- _INFORMATION SHOWN_:
= Beginning of Section =

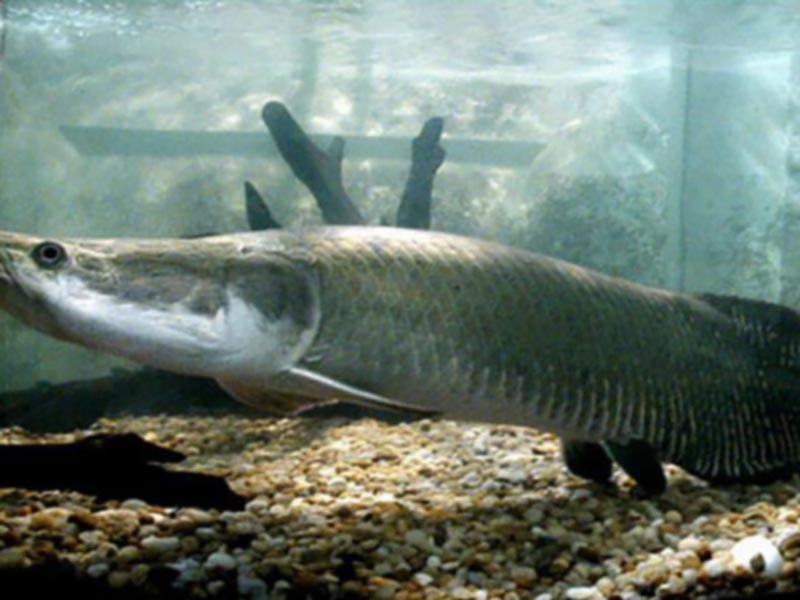 Descrição: O Pirarucu, ao lado das Piraíbas, é um dos maiores peixes que encontramos nos rios brasileiros. Chega a aproximadamente 2 metros e um peso médio, quando adulto de 80 kg., embora haja relatos mais antigos de exemplares de até 150 kg. Corpo de forma cilíndrica, largas e imbricadas escamas, e cor quase negra no dorso e avermelhada escura pelos flancos. A intensidade das suas cores entretanto varia, em função do tipo de águas em que o peixe se encontra. Em águas mais lodosas, as cores tendem mais para o escuro, enquanto que em águas claras ficam mais pálidas. E já nas barrentas ficam mais avermelhadas. Como particularidade pode-se citar o hábito de subirem de tempos em tempos à superfície para, quando não perturbados, abrirem a boca para absorver uma certa quantidade de ar, realizando assim uma respiração suplementar à da branquial. De olhos amarelados e de pupila azulada, um tanto salientes, mexem-se continuamente, como se o peixe de modo curioso estivesse observando tudo que em sua volta passa. A sua desenvolvida língua tem um osso na parte interna, acompanhando o seu formato chato e arqueado, e recoberto de conezinhos esmaltados e resistentes. Macho e fêmea tomam conta dos filhotes. A sua carne é bastante deliciosa, e devido a isso quase foi extinto pelos pescadores profissionais. Felizmente hoje ja pode ser reproduzido em cativeiro. A sua pesca, devido ao seu tamanho, é bastante esportiva. Deve ser sempre solto, de modo a espécie seja preservada nos seus locais de origem.
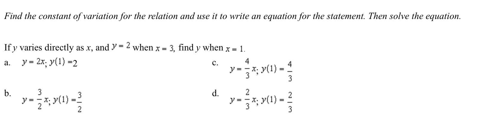 Given that if y varies directly as x, and y=2 when x=3, then we need to find out y-value when x=1.
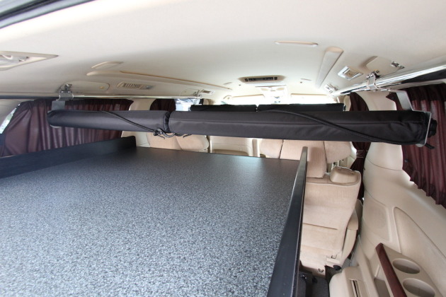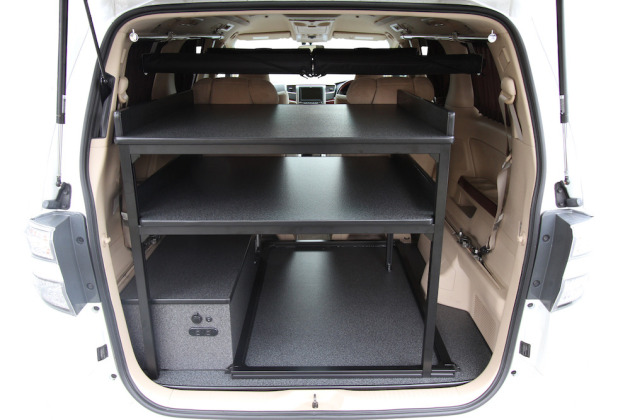 どのサイズの車輌もご家族と一緒にゲレンデに向かって一緒に楽しむことのできるお車になっています。そのため、家族でゆったりと車中泊ができるベッドスペースを確保しスノーボードの収納ができるベッド下の空間やラックを取り付けさせていただいています。
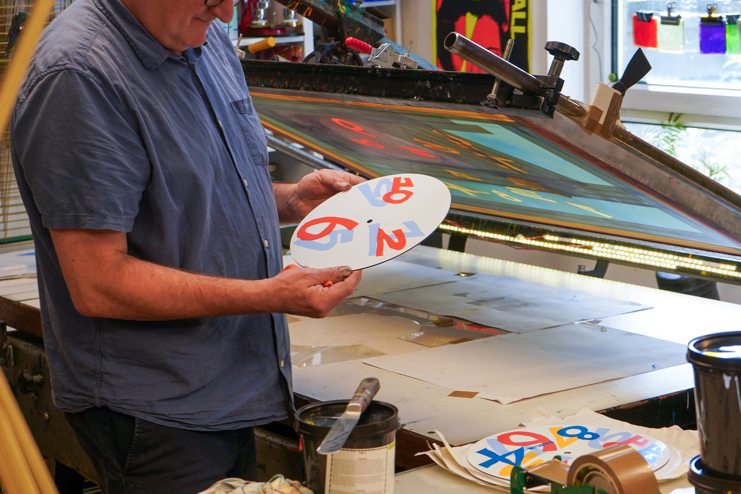 To celebrate the overlaid nature of the design, we chose to use four layers of screen printing with differing levels of opacity. The dials were printed in Glasgow by Matthew Rich of M.A.R.S Studio and are part of a limited run of dials.

= End of Section =

- _YOUR GOAL_: Transcribe all of the data above exactly; no picture belongs in the copy.

- _RESULT FOR THIS TASK_:
 Descrição: O Pirarucu, ao lado das Piraíbas, é um dos maiores peixes que encontramos nos rios brasileiros. Chega a aproximadamente 2 metros e um peso médio, quando adulto de 80 kg., embora haja relatos mais antigos de exemplares de até 150 kg. Corpo de forma cilíndrica, largas e imbricadas escamas, e cor quase negra no dorso e avermelhada escura pelos flancos. A intensidade das suas cores entretanto varia, em função do tipo de águas em que o peixe se encontra. Em águas mais lodosas, as cores tendem mais para o escuro, enquanto que em águas claras ficam mais pálidas. E já nas barrentas ficam mais avermelhadas. Como particularidade pode-se citar o hábito de subirem de tempos em tempos à superfície para, quando não perturbados, abrirem a boca para absorver uma certa quantidade de ar, realizando assim uma respiração suplementar à da branquial. De olhos amarelados e de pupila azulada, um tanto salientes, mexem-se continuamente, como se o peixe de modo curioso estivesse observando tudo que em sua volta passa. A sua desenvolvida língua tem um osso na parte interna, acompanhando o seu formato chato e arqueado, e recoberto de conezinhos esmaltados e resistentes. Macho e fêmea tomam conta dos filhotes. A sua carne é bastante deliciosa, e devido a isso quase foi extinto pelos pescadores profissionais. Felizmente hoje ja pode ser reproduzido em cativeiro. A sua pesca, devido ao seu tamanho, é bastante esportiva. Deve ser sempre solto, de modo a espécie seja preservada nos seus locais de origem.
 Given that if y varies directly as x, and y=2 when x=3, then we need to find out y-value when x=1.
 どのサイズの車輌もご家族と一緒にゲレンデに向かって一緒に楽しむことのできるお車になっています。そのため、家族でゆったりと車中泊ができるベッドスペースを確保しスノーボードの収納ができるベッド下の空間やラックを取り付けさせていただいています。
 To celebrate the overlaid nature of the design, we chose to use four layers of screen printing with differing levels of opacity. The dials were printed in Glasgow by Matthew Rich of M.A.R.S Studio and are part of a limited run of dials.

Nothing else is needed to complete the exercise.